Tim Spirit: Don’t be big crybabies about how the whistle blows

2015-04-13 09:00

The culture of misbehaviour that is slowly creeping into football should be nipped in the bud.

What we saw last week, when Mamelodi Sundowns coach Pitso Mosimane charged at referee Thabo Nkosi after the final whistle of their game against Mpumalanga Black Aces, is unacceptable.

A day later, we witnessed barbaric behaviour from Bafana’s top goalkeeper, Itumeleng Khune, who remonstrated uncontrollably with referee Phillip Tinyani, forcing the official to send him for an early shower (or a late one, as the game was nearing its end).

Khune should know that showing dissent by words or action is one of seven questionable offences under Fifa’s law 12. He breached both, justifying his sending off.

For the record, Khune was handed two yellow cards, followed by a red – in the space of seconds.

Khune then took to social media to vent his anger.

“It’s about time action is taken against this referees by @OfficialPSL.

“They’ve been very poor since beginning of the season.

“It’s unfair hw we are painted bad for our actions on de field bt we are provoked by thse referees, can cal me names but I stand 4 what’s right [sic all]” he tweeted after the game.

This is totally unacceptable, as he was inciting supporters against match officials.
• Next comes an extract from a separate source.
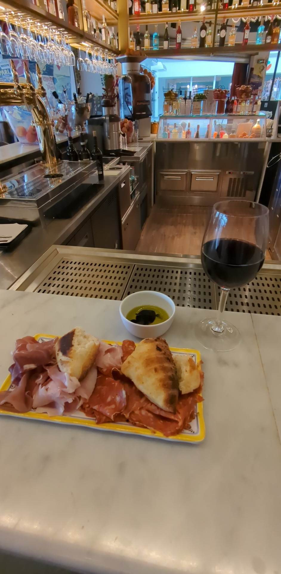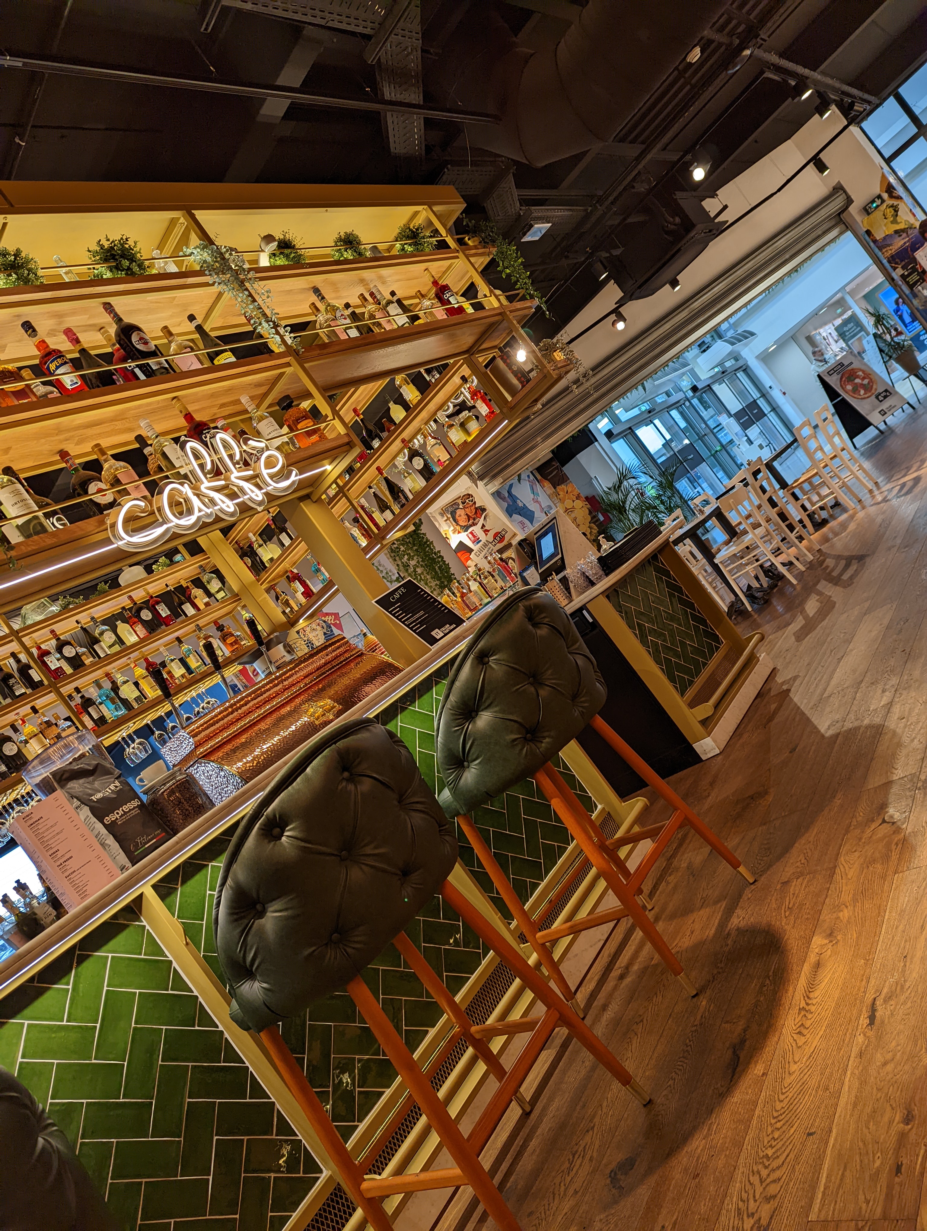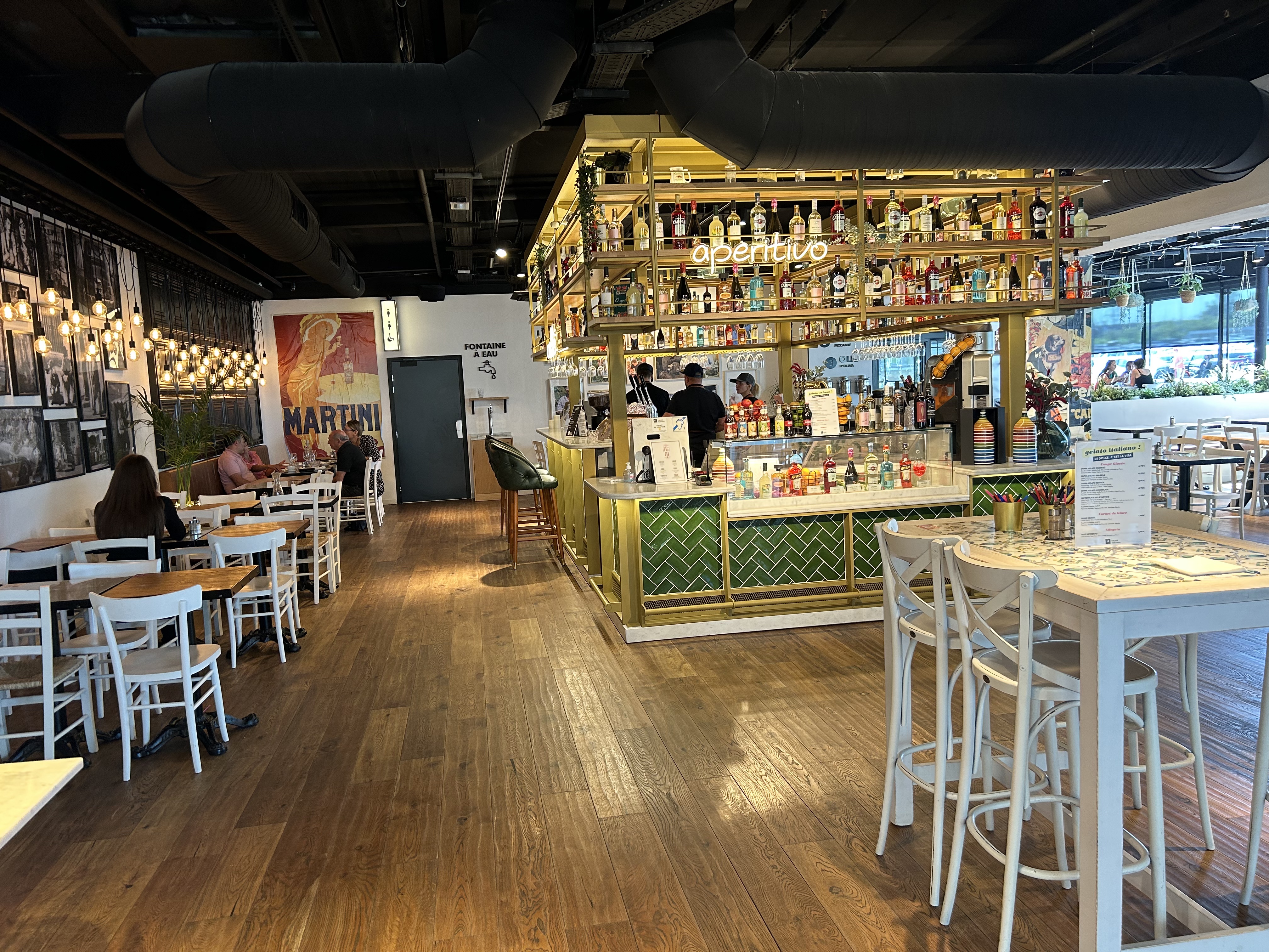 Nous y sommes allés un vendredi soir, joli visuel, pas trop de monde, personnel très agréable et sympa. Concept spécifique car pas de service à table. Vous commandez vos plats puis à l'aide d'un bippeur, vous récupérez vos plats. Nous avons mangé en apero des antipastis, assiette composée de légumes aubergine, poivrons, roquettes, buratta, Toutes sortes de charcuterie très joli visuel, c'était bon mais trop de saucisson piquant qui n'est pas au goût de tous. Puis certains ont pris des pâtes les autres des pizzas. C'est bon mais pas sensationnel parcontre le tiramisu speculoos caramel beurre salé est extrêmement bon et vaut le détour. Nous y retournerons plus pour l'heure du goûter car les desserts valent d'être goûtés !

On Wednesday evening, Mosimane hit the roof after Nkosi disallowed a goal, which would have sealed the game for him.

He went on to sarcastically say Nkosi stole the show and deserved to be man of the match.
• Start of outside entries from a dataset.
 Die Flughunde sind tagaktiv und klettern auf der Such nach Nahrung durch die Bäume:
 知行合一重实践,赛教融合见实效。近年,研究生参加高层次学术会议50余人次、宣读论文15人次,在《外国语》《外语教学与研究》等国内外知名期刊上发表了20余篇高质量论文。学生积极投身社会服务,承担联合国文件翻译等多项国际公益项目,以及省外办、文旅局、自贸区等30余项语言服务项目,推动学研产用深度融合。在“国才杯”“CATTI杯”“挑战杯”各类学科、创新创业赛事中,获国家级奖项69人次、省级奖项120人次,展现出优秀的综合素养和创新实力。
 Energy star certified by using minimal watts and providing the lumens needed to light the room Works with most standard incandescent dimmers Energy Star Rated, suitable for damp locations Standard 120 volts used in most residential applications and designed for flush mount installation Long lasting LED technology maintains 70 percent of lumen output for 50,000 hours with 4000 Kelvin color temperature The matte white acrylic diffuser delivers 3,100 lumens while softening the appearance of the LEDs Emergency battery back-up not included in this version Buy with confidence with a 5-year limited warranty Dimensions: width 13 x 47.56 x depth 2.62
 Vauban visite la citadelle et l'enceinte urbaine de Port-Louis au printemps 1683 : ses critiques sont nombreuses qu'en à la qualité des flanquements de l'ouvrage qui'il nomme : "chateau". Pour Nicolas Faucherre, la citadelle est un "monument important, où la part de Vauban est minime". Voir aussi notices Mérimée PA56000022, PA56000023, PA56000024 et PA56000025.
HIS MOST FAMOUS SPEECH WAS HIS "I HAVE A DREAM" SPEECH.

However, television replays clearly show Nkosi’s call was the correct one, as goal scorer Bongani Zungu fouled goalkeeper Jackson Mabokgwane.

By saying Sundowns had to wait for seven years to win their first trophy, Mosimane insinuated that there were conspiracies against his club.

He whinged that he was the only coach who received heavy fines – forgetting he was also the only one with an anger problem.

The same Mosimane did not notice the penalty awarded to his team had not been legitimate, as Hlompho Kekana clearly took a dive to win the spot kick.

Mosimane also questioned Aces’ goal, arguing goalkeeper Denis Onyango was fouled. Interestingly, Jingles did not agree with Nkosi’s call on Zungu’s challenge to Mabokgwane.

That Nkosi did not issue a foul on Onyango did mean he could not do so against Mabokgwane. Two wrongs don’t make a right.

There’s no doubt we are again in that time of the season when the spotlight falls on officiating.

What we witnessed this week was just the tip of the iceberg, as rowdy behaviour has slowly been creeping into our game – and it should be rooted out by authorities.

We are not in England or Europe, where players can argue with match officials willy-nilly.

We have different cultures.

Khune may have gotten away with his behaviour in England – without suffering even a yellow card.

But we have our own upbringing in South Africa. Many kids watch soccer. To them, the likes of Khune and Pitso are role models.

They look up to them and want to emulate them – so players must lead from the front.

I am a big fan of Mosimane, but his behaviour is letting him down. He sounds like a crybaby.

It will be interesting to see what action – if any – the league will take against the two.